### Data extract
**********

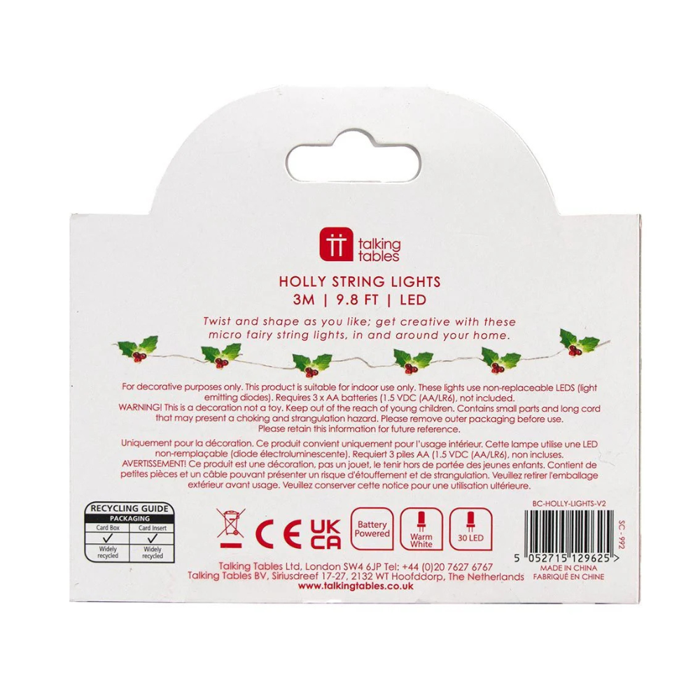 Bring festive sparkle to your home with these green holly string lights. Featuring classic holly leaves with bright red berries, the 3-metre string is lit with warm LEDs to add a cosy glow to your Christmas décor. Perfect for draping across the table, mantel or tree.
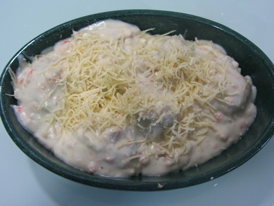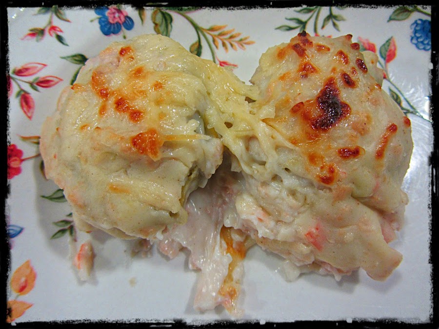 Una vez preparada, la mezclamos con el resto del relleno, y con los palitos de cangrejo picaditos.
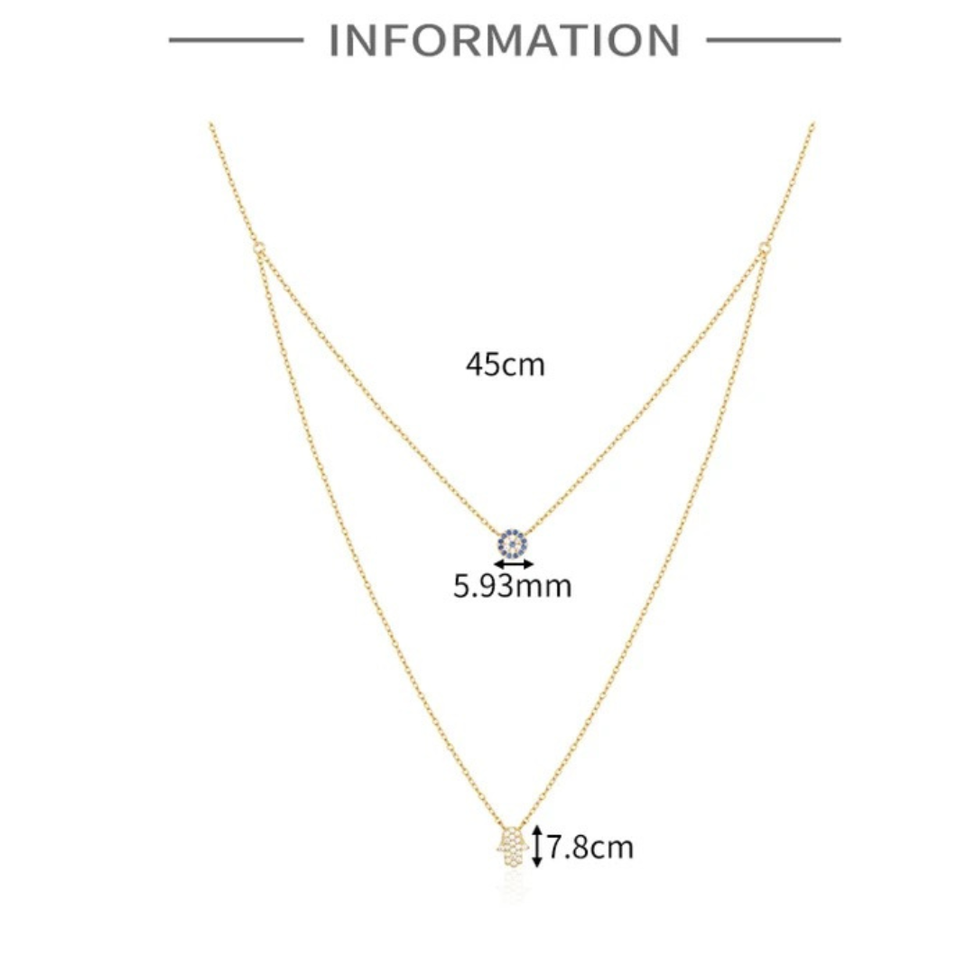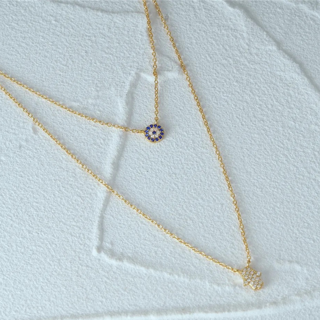 Verleihen Sie Ihrem Schmuckkästchen einen Hauch von Schutz und Eleganz mit unserer goldenen Doppelreihe Halskette. Diese außergewöhnliche Kette kombiniert zwei kraftvolle Symbole: das Böse Auge und Fatimas Hand, um Ihnen sowohl stilvolle Schönheit als auch Schutz zu bieten.

**********

### Task to carry out
Pictures excluded, copy exactly the lines running from the one with "Una vez preparada, la" through the last line of the material.

### Your solution
 Una vez preparada, la mezclamos con el resto del relleno, y con los palitos de cangrejo picaditos.
 Verleihen Sie Ihrem Schmuckkästchen einen Hauch von Schutz und Eleganz mit unserer goldenen Doppelreihe Halskette. Diese außergewöhnliche Kette kombiniert zwei kraftvolle Symbole: das Böse Auge und Fatimas Hand, um Ihnen sowohl stilvolle Schönheit als auch Schutz zu bieten.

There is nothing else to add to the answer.